Inspect the file structure

txt[1:12]
##  [1] "From:\tMail Delivery System [MAILER-DAEMON@relay.nib.si]"            
##  [2] "To:\thassank@namru3.med.navy.mil"                                    
##  [3] "Sent:\t21. april 2015 12:51"                                         
##  [4] "Subject:\tUndeliverable: [AS2015] Applied Statistics 2015 Conference"
##  [5] ""                                                                   
##  [6] "From:\tMail Delivery System [MAILER-DAEMON@relay.nib.si]"            
##  [7] "To:\tr.heuberger@iccr-international.org"                             
##  [8] "Sent:\t21. april 2015 12:51"                                         
##  [9] "Subject:\tUndeliverable: [AS2015] Applied Statistics 2015 Conference"
## [10] ""                                                                   
## [11] "From:\tMail Delivery System [MAILER-DAEMON@relay.nib.si]"            
## [12] "To:\tnino.rode@fsd.si; mt@iccr-international.org"

Each e-mail has recepient e-mail address in the line starting with the text “To:” (followed by tab character) and corresponding to the To: field. In case of multiple recepients, the e-mails are printed in several lines, with e-mails delimited by ;. Next line corresponds to Sent: field (starts with this keyword and tab character)

Parsing the file

We need to extract information in several places. First we detect the locations of To: and Sent: lines.

start <- grep("To:\t",txt)
start
##  [1]  2  7 12 17 22 27 32 37 42 47 52 57
end <- grep("Sent:\t",txt)-1
end
##  [1]  2  7 12 17 22 27 32 37 42 47 52 57

Extract only relevant lines:

ind <- data.frame(start,end)
mytxt <- apply(ind,1,function(x) txt[x[1]:x[2]])
txt <- unlist(mytxt)

The first group of e-mails:

head(txt)
## [1] "To:\thassank@namru3.med.navy.mil"                                   
## [2] "To:\tr.heuberger@iccr-international.org"                            
## [3] "To:\tnino.rode@fsd.si; mt@iccr-international.org"                   
## [4] "To:\tGerd.Beidernikl@zbw.at; Gisela.Andersson@integrationsverket.se"
## [5] "To:\tstadlober@stat.tu-graz.ac.at"                                  
## [6] "To:\tBojan.Leskosek@sp.uni-lj.si"

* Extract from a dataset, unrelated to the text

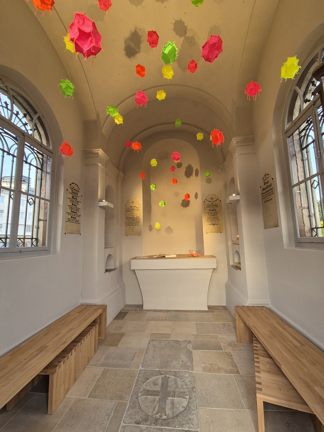 Die von Elisabeth Altenburg geschaffene Kunstinstallation besteht aus dreidimensionalen textilen Objekten in vier leuchtenden Farben, die von der Decke herabhängen. Dazu kommen Bänke, die zum Verweilen einladen. Kerzen können entzündet werden, ein Gedenkbuch liegt auf. Das Rauminnere der 1835 geweihten Kapelle wurde zuvor generalsaniert, nachdem es jahrelang nicht öffentlich zugänglich war.
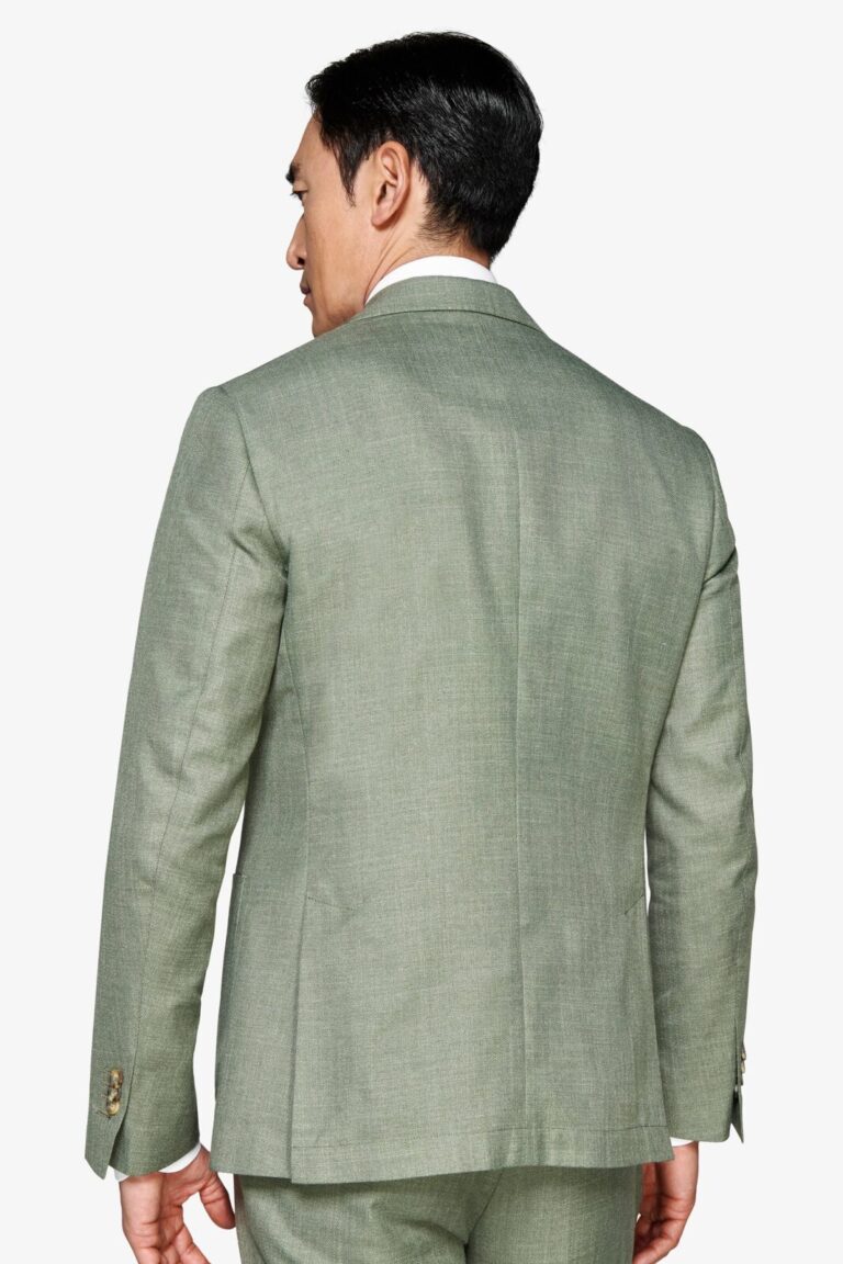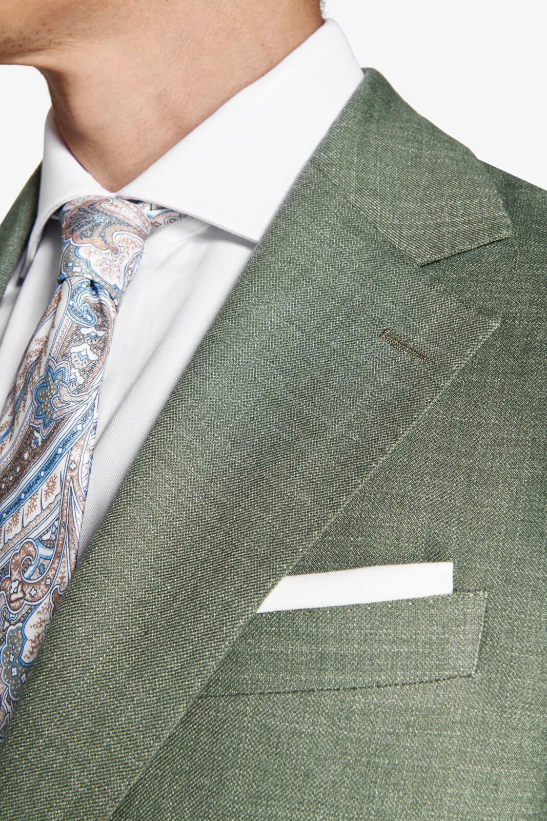 Muški sako izrađen od slub tkanine sa suptilnom teksturom, koja mu daje moderan i sofisticiran izgled. Slim fit kroj sa klasičnim reverima (notch lapels) i našivenim džepovima naglašava elegantnu siluetu.

Now we can delete all spaces and keyword To:.

txt <- gsub(" ","",txt)
txt <- gsub("To:\\t","",txt)
head(txt)
## [1] "hassank@namru3.med.navy.mil"                                  
## [2] "r.heuberger@iccr-international.org"                           
## [3] "nino.rode@fsd.si;mt@iccr-international.org"                   
## [4] "Gerd.Beidernikl@zbw.at;Gisela.Andersson@integrationsverket.se"
## [5] "stadlober@stat.tu-graz.ac.at"                                 
## [6] "Bojan.Leskosek@sp.uni-lj.si"

Finnaly we can use semicolon to split multiple e-mails and make the final list:

emails <- unlist(strsplit(txt,";"))
head(emails)
## [1] "hassank@namru3.med.navy.mil"           
## [2] "r.heuberger@iccr-international.org"    
## [3] "nino.rode@fsd.si"                      
## [4] "mt@iccr-international.org"             
## [5] "Gerd.Beidernikl@zbw.at"                
## [6] "Gisela.Andersson@integrationsverket.se"
length(emails)
## [1] 14

Save to a text file

Save them into a text for further use and delete them from the source list.

cat(emails,file="wrong-e-mails.txt",sep="\n",append=TRUE)

With obviuos modifications you can use this method to extract e-mails from the textfile with printed e-mails (or similar structured files).